MANCHESTER, England (Reuters) - Premier League clubs will break their silence over the much criticised proposals for major changes to the structure of England’s top flight, when they meet this week amidst talk of a ‘civil war’ within the game.
The Football Association (FA) will also hold a scheduled council meeting on Thursday when the issue is also expected to be raised.

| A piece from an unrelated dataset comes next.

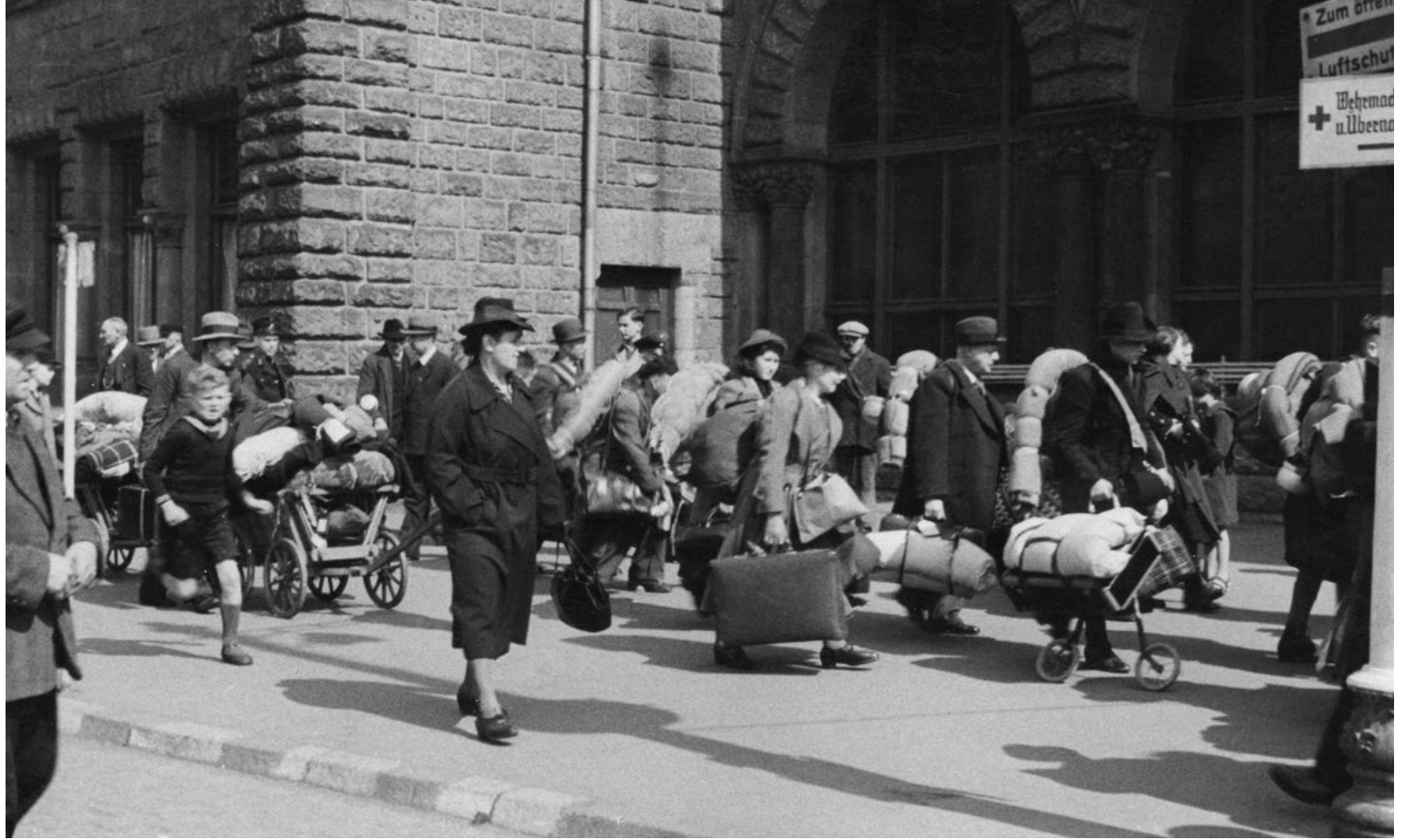
Eisenach 9.5.1942

As the governing body for English football, the FA itself holds a ‘golden share’ which would allow it to block major changes.
The FA has so far declined to comment on the proposals but its council is made up of representatives from all leagues, as well as county FA’s, the grassroots and supporters representatives.
While no clubs have made public statements as yet on the plans, which Football League chairman Rick Parry says have been drawn up together with Liverpool and Manchester United, the fact that the league itself quickly issued a critical statement on Sunday indicates the likely mood of many teams.
Some British media has referred to a “civil war” within the Premier League over the proposals and the UK government has criticised what it termed a “backroom deal”.
But Parry, who has been the only public face of ‘Project Big Picture’ so far, has insisted that he will push ahead with the plans in the face of opposition.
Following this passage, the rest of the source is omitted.